YOUR GOAL
Retype every record exactly. Leave the pictures out.

[Stored data]
- Opening Delimiter -

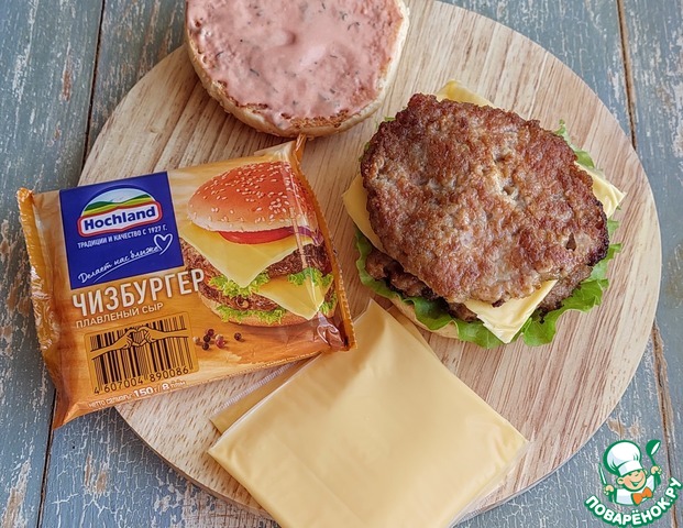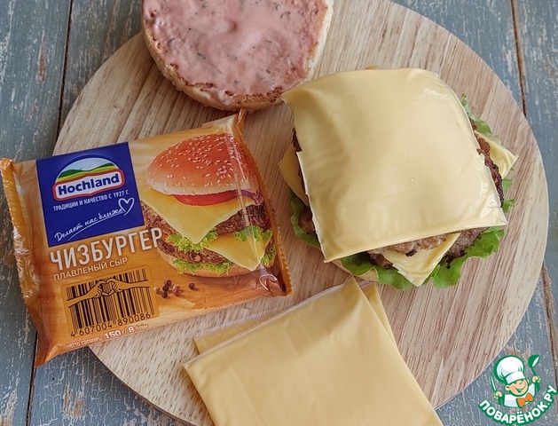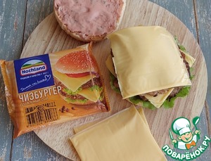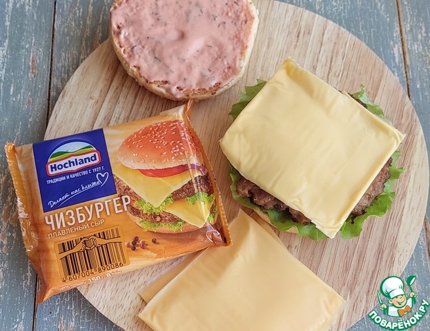 Поверх котлеты положить пластинку плавленого сыра ТМ "Hochland".
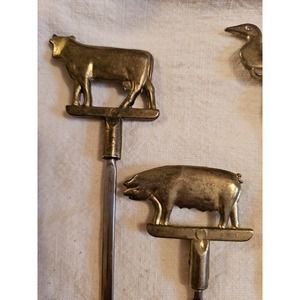 I did not see any marks of identification on any of these four pieces. These items are often portrayed as being barbecue skewers; however, they could also be used for marking meat cuts. Each piece is approximately 13 in Long including the brass animal at the top. Please review each photograph provided as our pictures are always an important part of our descriptions.
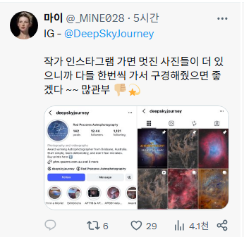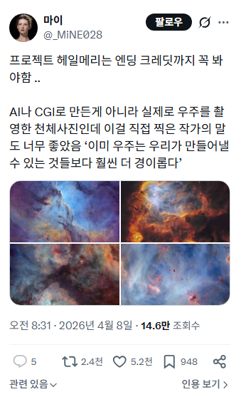 [스크랩] [영화]프로젝트 헤일메리는 엔딩 크레딧까지 꼭 봐야함 .. 작성자침묵|작성시간26.04.08|조회수1,639 목록 댓글 6 글자크기 작게가 글자크기 크게가 출처: https://x.com/_MiNE028/status/2041660139015696583?s=20 다음검색 스크랩 원문 : *여성시대* 차분한 20대들의 알흠다운 공간 현재 게시글 추가 기능 열기 북마크 공유하기 신고 센터로 신고 댓글 댓글 6 댓글쓰기 답글쓰기 댓글 리스트 작성자알콜freee | 작성시간 26.04.08 아름다우면서 무섭다 작성자Delphinium | 작성시간 26.04.08 쿠키 없대서 안보고 나왔는데 아쉽... ott에 뜨면 다시 봐야지... 작성자승협 | 작성시간 26.04.08 2회차에서는 다 보고 나왔잖아 작성자INFP | 작성시간 26.04.08 중간까지 보다 나왔는데 아쉽다 근데진짜 멋졌름 작성자알맹 | 작성시간 26.04.08 맞아 그리고 맨 마지막에 제작사 등 로고도 우주복에 자수놓은 것처럼 떠서 예뻤어 댓글 전체보기
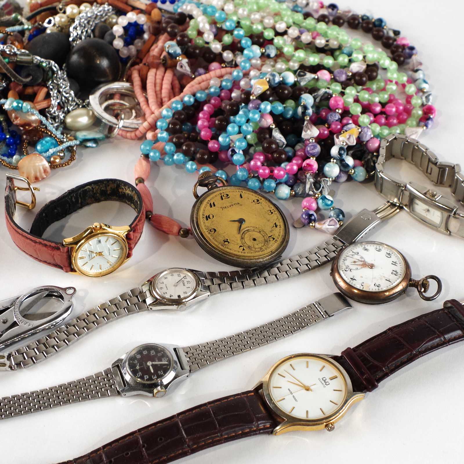 Bilder Parti SMYCKEN med mera bl.a. fickur & mormorsur i silver. (fickur defekt)
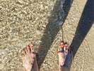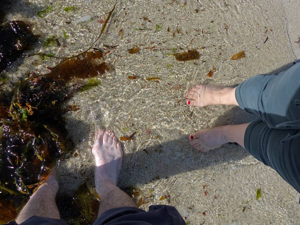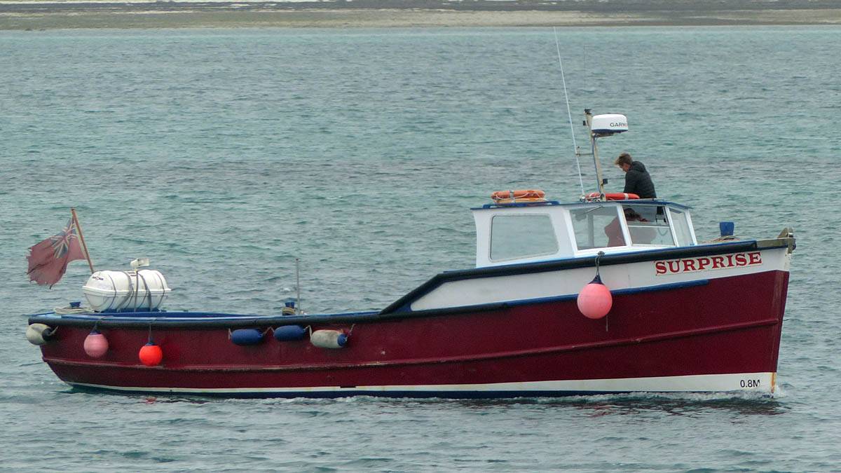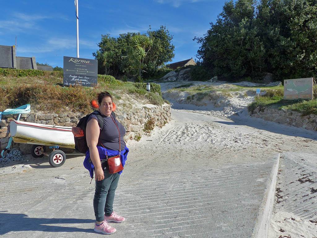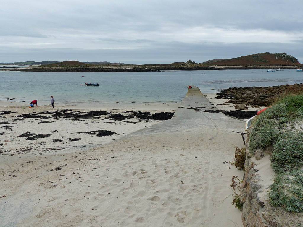 The tide was much lower now as we approached low tide. Renée sat on the ramp while I wandered to the water's edge and back. We chatted to some bird watchers and waited while more and more people gathered for the return boat. The boat to Tresco arrived at 4:10PM. As that boat departed 5 minutes later the Surprise boat arrived at 4:15PM.
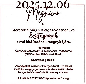 December 6-án (szombat) 15.00 Kielgas-Wiesner Éva „Ecsetnyomok” c. kiállításának megnyitója a gyülekezeti teremben.
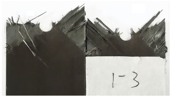 The average failure load of all specimens is 38.34 kN, and the dispersion coefficient is 2.13%. It can be seen from the displacement versus load curve that all the specimens are obviously brittle before the ultimate failure determined by the tensile strength of 0° layer onset. The photograph of the failed specimen is present in Figure 9, it can be observed that the catastrophic failures are concentrated around the open hole which causes the stress concentrations and finally span the width of the specimen, the failure modes of the specimen are mainly as follows: tensile fracture of fiber for 0° layer and tensile fracture of the matrix for ±45° layer.
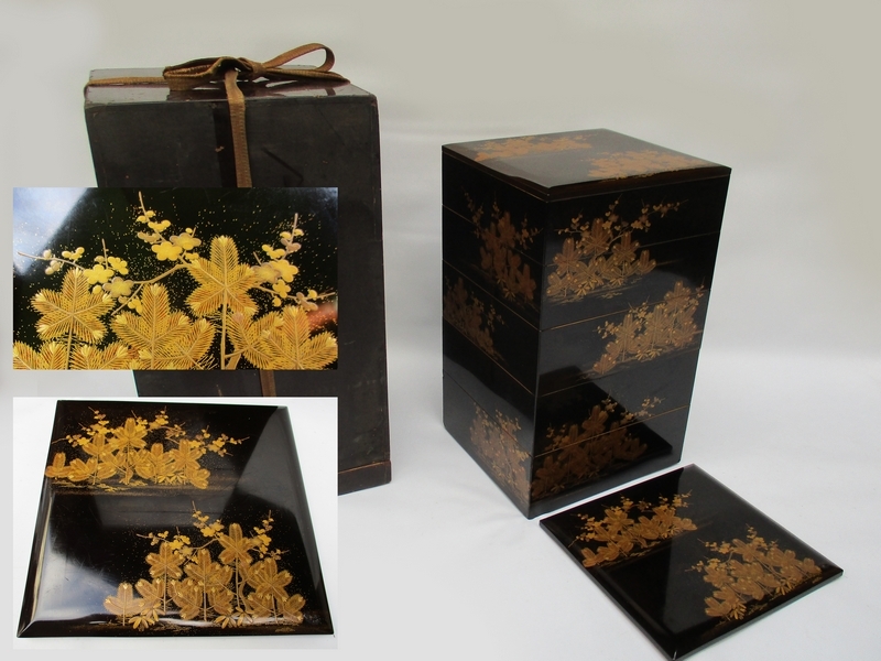 - 時代■旧家蔵出し 金高蒔絵[松竹梅] 重箱 五段 金縁内朱■天然木 骨董重箱 漆塗り 共箱 №5655■
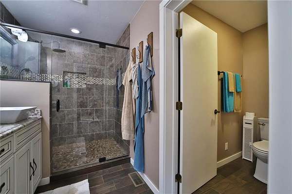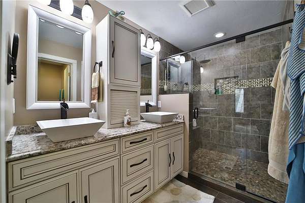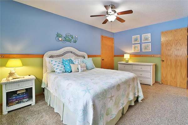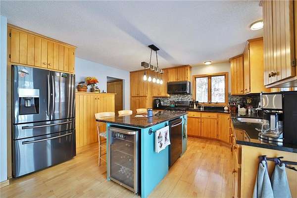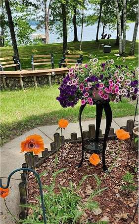 Premier lakeside property in the heart of the Lakes Area offering refined living with exceptional shoreline serenity, featuring 175 feet of level sand frontage ideal for swimming and recreation. This 3-bedroom, 3-bathroom home blends luxury and functionality with a kitchen showcasing granite countertops and maple cabinetry, perfect for everyday living and entertaining. The primary suite is a private retreat with a spa-like bath, tiled walls, and walk-in shower, while the four-season lakeside porch provides panoramic water views year-round. A walkout basement offers excellent potential for additional finished living space. Outdoors, enjoy a beautifully irrigated lawn, custom lakeside fire pit, detached three-car garage, plus an impressive 28x48 additional garage ideal for storage, hobbies, or lake toys. A 500 sq ft year-round guest cottage adds flexibility for guests, extended family, or rental income, making this exceptional property well-suited as a private retreat or a full-time lakeside residence.
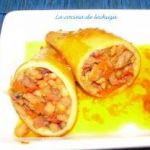 Cojemos los tubos de calamar y rellenamos con la mezcla obtenida anteriormente ( se aconseja no llenar mucho, ni tampoco al borde por que reventarían y no se cerrarían bien )

- Closing Delimiter -

YOUR SOLUTION
 Поверх котлеты положить пластинку плавленого сыра ТМ "Hochland".
 I did not see any marks of identification on any of these four pieces. These items are often portrayed as being barbecue skewers; however, they could also be used for marking meat cuts. Each piece is approximately 13 in Long including the brass animal at the top. Please review each photograph provided as our pictures are always an important part of our descriptions.
 [스크랩] [영화]프로젝트 헤일메리는 엔딩 크레딧까지 꼭 봐야함 .. 작성자침묵|작성시간26.04.08|조회수1,639 목록 댓글 6 글자크기 작게가 글자크기 크게가 출처: https://x.com/_MiNE028/status/2041660139015696583?s=20 다음검색 스크랩 원문 : *여성시대* 차분한 20대들의 알흠다운 공간 현재 게시글 추가 기능 열기 북마크 공유하기 신고 센터로 신고 댓글 댓글 6 댓글쓰기 답글쓰기 댓글 리스트 작성자알콜freee | 작성시간 26.04.08 아름다우면서 무섭다 작성자Delphinium | 작성시간 26.04.08 쿠키 없대서 안보고 나왔는데 아쉽... ott에 뜨면 다시 봐야지... 작성자승협 | 작성시간 26.04.08 2회차에서는 다 보고 나왔잖아 작성자INFP | 작성시간 26.04.08 중간까지 보다 나왔는데 아쉽다 근데진짜 멋졌름 작성자알맹 | 작성시간 26.04.08 맞아 그리고 맨 마지막에 제작사 등 로고도 우주복에 자수놓은 것처럼 떠서 예뻤어 댓글 전체보기
 Bilder Parti SMYCKEN med mera bl.a. fickur & mormorsur i silver. (fickur defekt)
 The tide was much lower now as we approached low tide. Renée sat on the ramp while I wandered to the water's edge and back. We chatted to some bird watchers and waited while more and more people gathered for the return boat. The boat to Tresco arrived at 4:10PM. As that boat departed 5 minutes later the Surprise boat arrived at 4:15PM.
 December 6-án (szombat) 15.00 Kielgas-Wiesner Éva „Ecsetnyomok” c. kiállításának megnyitója a gyülekezeti teremben.
 The average failure load of all specimens is 38.34 kN, and the dispersion coefficient is 2.13%. It can be seen from the displacement versus load curve that all the specimens are obviously brittle before the ultimate failure determined by the tensile strength of 0° layer onset. The photograph of the failed specimen is present in Figure 9, it can be observed that the catastrophic failures are concentrated around the open hole which causes the stress concentrations and finally span the width of the specimen, the failure modes of the specimen are mainly as follows: tensile fracture of fiber for 0° layer and tensile fracture of the matrix for ±45° layer.
 - 時代■旧家蔵出し 金高蒔絵[松竹梅] 重箱 五段 金縁内朱■天然木 骨董重箱 漆塗り 共箱 №5655■
 Premier lakeside property in the heart of the Lakes Area offering refined living with exceptional shoreline serenity, featuring 175 feet of level sand frontage ideal for swimming and recreation. This 3-bedroom, 3-bathroom home blends luxury and functionality with a kitchen showcasing granite countertops and maple cabinetry, perfect for everyday living and entertaining. The primary suite is a private retreat with a spa-like bath, tiled walls, and walk-in shower, while the four-season lakeside porch provides panoramic water views year-round. A walkout basement offers excellent potential for additional finished living space. Outdoors, enjoy a beautifully irrigated lawn, custom lakeside fire pit, detached three-car garage, plus an impressive 28x48 additional garage ideal for storage, hobbies, or lake toys. A 500 sq ft year-round guest cottage adds flexibility for guests, extended family, or rental income, making this exceptional property well-suited as a private retreat or a full-time lakeside residence.
 Cojemos los tubos de calamar y rellenamos con la mezcla obtenida anteriormente ( se aconseja no llenar mucho, ni tampoco al borde por que reventarían y no se cerrarían bien )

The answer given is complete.